One More Call

November 23, 2011

This blog continues with lessons learned on my highly motivating but sometimes hot seat at the MHSAA.  It’s Lesson No. 4:  Make one more call.

Not 100 percent of the time, but well over 50 percent of the time, if I had made one more call before making or communicating a tough decision, either the decision would have been different or, more often, the decision would have been received better.

Obviously there are limits to this. There always could be one more call.  But it has become a “Roberts Rule of Order” anyway to make one more call. For I can trace an inordinate percentage of wrong decisions, or bad reactions to correct decisions, to not making one more call.

More often than not on difficult decisions, I work in tandem with other MHSAA staff and especially Associate Director Tom Rashid who now routinely makes that one more call. It has improved both our decisions and communications.
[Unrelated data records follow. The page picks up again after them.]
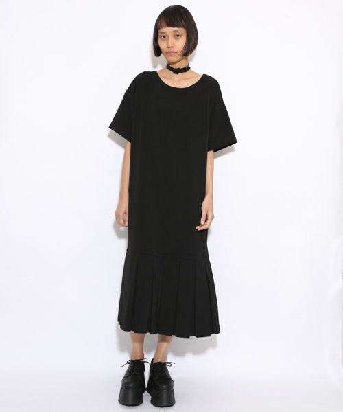 長めの丈のデザインでシックな印象のワンピース。裾がボックスプリーツのデザインで、1枚でこなれた印象で着て頂けます。 ※画像の商品はサンプルです。 実際の商品と仕様、加工、サイズが若干異なる場合がございます。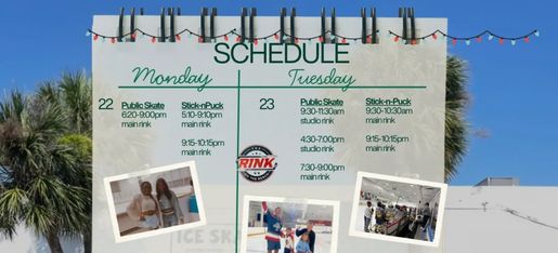 Book sessions and register to The Rink on the Beach online. View daily and weekly session schedules.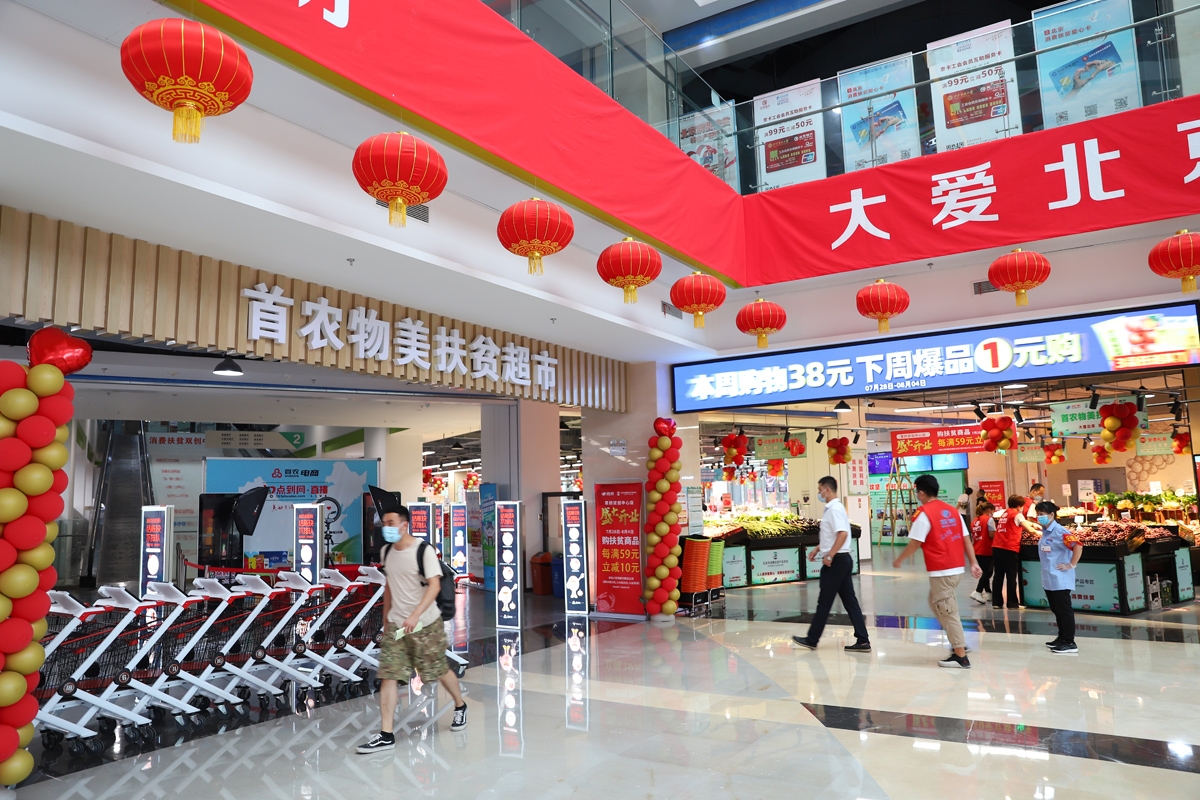【記者高春頎北京報(bào)道】7月28日,在北京市國(guó)資委、市商務(wù)局、市委網(wǎng)信辦、市總工會(huì)、市扶貧支援辦、豐臺(tái)區(qū)政府主辦的“北京消費(fèi)扶貧月暨市管國(guó)企消費(fèi)扶貧月”活動(dòng)上,物美集團(tuán)與首農(nóng)食品集團(tuán)共同打造的北京首家扶貧超市——物美草橋雙創(chuàng)中心店正式開(kāi)業(yè)。超市位于北京消費(fèi)扶貧雙創(chuàng)中心一層,重點(diǎn)推廣來(lái)自全國(guó)各地扶貧商品和北京對(duì)口扶貧地區(qū)7省91縣商品,將帶動(dòng)幫扶地區(qū)建檔立卡貧困戶30717戶增收脫貧。

The Limitation of Rules – Part 1

September 2, 2016

From the age of 10 to 20, my position as a baseball player was catcher. Sometime during that decade I was taught to return the ball to the pitcher with authority, with a snap throw from my ear, targeting the glove-side shoulder of the pitcher.
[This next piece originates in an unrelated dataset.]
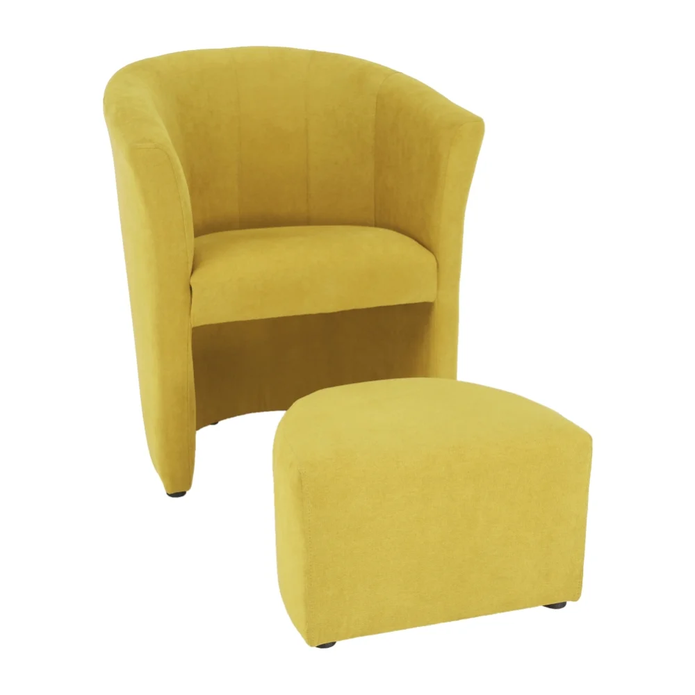 Klubové křeslo BENEDA s taburetem v hořčicové barvě představuje komfortní řešení pro odpočinek i relaxaci po náročném dni. Celočalouněná konstrukce zajišťuje příjemné posezení a taburet lze snadno zasunout pod křeslo, čímž šetří prostor a zůstává vždy po ruce.

I caught every inning of every game, including doubleheaders. In those years, there was less concern than today for protecting the arms of pitchers, and there was no thought given to the throwing arms of catchers.

Today, the shoulder of my throwing arm is shot; I cannot throw a ball overhand with any force.

But here’s the thing. I didn’t ruin my throwing arm in youth and school baseball; I wrecked it as an adult doing silly things with a tennis ball on the beach with my teenage son. We had a blast for a summer afternoon, and I’ve paid for it the rest of my life.

The point of this brief baseball bio is to demonstrate an example of the limitations of rules.

We can identify dozens of risks to student-athletes and we can promulgate an equal number of rules to help them avoid injuries in our programs; but we cannot protect them against a lack of common sense in our programs or accidents in other aspects of their lives.

Even if we implement new rules to limit the number of pitches by a player, what good is that if, after reaching the limit, the pitcher and catcher switch positions? Do we need a rule to address that coaching decision too?

Do we need rules that prohibit large students from practicing against small, or experienced players from competing against inexperienced? How would we ever monitor or enforce such rules? Where do rules leave off and common sense take over?

Even if we put players in bubble wrap for sports, what do we do about their decisions away from sports, perhaps in vehicles, with their friends and their cell phones? Where do laws and rules stop, and personal responsibility start?